Genetics Flashcards
What is the usual distribution pattern of an autosomal dominant condition
- one copy is enough to cause the disease
- is often present in every generation and shows a vertical pattern
- you can check there is male to male transmission as this rules out the possibility of it being x-linked
example of autosomal dominant inheritance
achondraplaisa
- inherited breast or colon cancer
- APKD
- NF1
- HD
variable expressivity and complete and incomplete penetrance in autosomal dominant conditions
variable expressivity = effects people to different extents even with the same genotype
complete penetrance = they always get the disorder if they have the faulty gene
incomplete penetrance = sometimes dont get the disorder despite having the faulty gene
gonadal mosaicism
gonads can often carry more than one copy of the mutated gene on sperm/eggs
Autosomal recessive
requires two faulty copies of the gene to cause disease, if one copy the individual becomes a carrier
- often shows a horizontal pattern -a prime examples of this is sickle cell disease
- both males and females effected
examples of AR conditions
- cystic fibrosis
- PKU
- spinal muscular atrophy
- congenital adrenal hyperplasia but NOT HYPO
- Wilsons disease
- tay-sacks disease
X-linked recessive inheritance
effects boys more than girls as they can compensate with their other x-chromosome
- knights move pattern NO MALE TO MALE
- occasional manifesting female carriers due to skewed x-inactivation
compound heterozygosity
the presence of two different mutated alleles at a particular gene locus
example of x-linked recessive
duchess muscular dystrophy
expected proportions of offspring of a female heterozygote for an x-linked recessive condition
50% of sons effected
50% daughters are carriers
expected proportions of offspring of a male heterozygote for an x-linked recessive condition
none of his sons effected as boys get their X chromosome from their mother but all his daughters are carriers
X-linked dominant inheritance
vitamin D resistant rickets
looks like AD but no male to male transmission
other examples:
- incontinentia rickets
- rett syndrome
genetic anticipation
- increasing severity and earlier age on onset in successive generations
in:
- HD
- Fragile x syndrome
- myotonic dystrophy
mitochondrial inheritance
- smaller genome
- circular
- 37 genes with no introns
inherited inly from the mother but can be to variable extents
syndromes often affect muscle, brain and eyes
LEIGHS DISEASE
how do you detect point mutations
DNA sequencing
- Sanger sequencing which analyses one gene at a time
- Next generation sequencing which can do all or many genes at once
Allele-specific (ARMS) PCR
- special PCR that analyses only specific known point mutations
how do you test for the detection of sub-microscopic duplications and deletions
MLPA = PCR method which targets a small group of specific known positions - chromosomal loci where there might be a deletion
Chromosomal microarray (CMA) = this is genome wide.

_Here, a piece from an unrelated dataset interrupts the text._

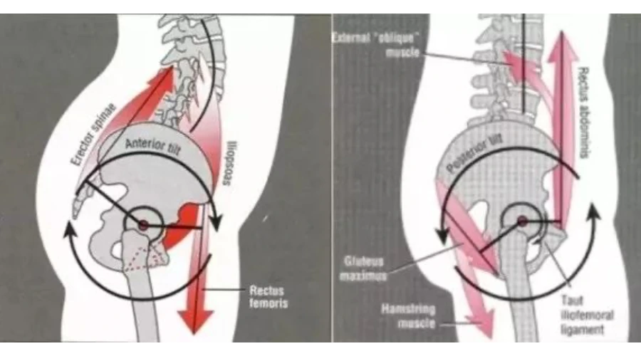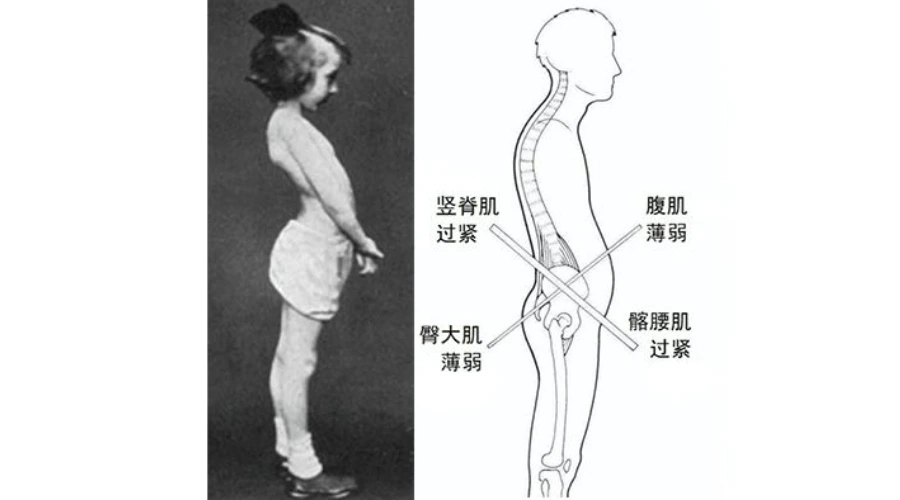 运动康复专家仔细研究了这种体态异常,发现是由于有的肌肉过紧,有的肌肉过度松弛无力,导致骨盆失去了正常拮抗肌肉的制衡作用,在过紧的肌肉拉动之下发生了骨盆前倾,继而引发姿态异常。

How do you rapidly detect aneuploidies
this is searching for an abnormal number of chromosomes that is not a multiple of 23 such as trisomy 18
done by quantitative fluorescent PCR (QF-PCR)
old chromosome-based analysis methods
karyotyping which uses a microscope at 4 million base pairs
FISH uses a specific DNA probe that binds to one specific location on a chromosome, so you need to know what location you want to look at
whole chromosome analysis
Karyotyping
QF-PCR
Sub-microscopic deletions and duplications
FISH
MLPA - if you know the position
Chromosomal micro-array if you dont
point mutations
DNA sequencing or ARMS
NGS method
illumina method
- hundreds of millions of DNA fragments sequenced at once
- on a “flow cell”
huntingtons disease
onset between 30 and 50
progressive chorea, dementia and psychiatric symptoms
AD with genetic anticipation
caused by a CAG repeat unit within the coding sequence which encodes a polyglutamine tract and this expansion causes insoluble protein aggregates and neurotoxicity
myotonic dystrophy
AD also with genetic anticipation
- progressive muscle weakness in early adulthood
- can also result in myotonia and cataracts
unstable mutation of a CTG repeat
- abnormal DMPK mRNA which has an indirect toxic effect upon splicing of other genes e.g. the chloride ion channel CLCN1 gene which causes myotonia
cystic fibrosis
AR
Recurrent lung infections
exocrine pancreatic insufficiency
screening in newborns by immunoreactive trypsin IRT) level
This can be confirmed by DNA testing for CF mutations and/or sweat testing for increased chloride conc
CFTR mutations which result in defective chloride ion channels and therefore an increased thickness of secretions
most common is F508del
NF1 common presentations
cafe au lait macules and neurofibromas, short stature and macrocephaly
learning difficulty in 30%
Lisch nodules (2 or more) that can be seen on a slit-lamp
what is the pathology of duchess muscular dystrophy
creatine kinase leaks out of damaged muscle fibres into serum (into blood)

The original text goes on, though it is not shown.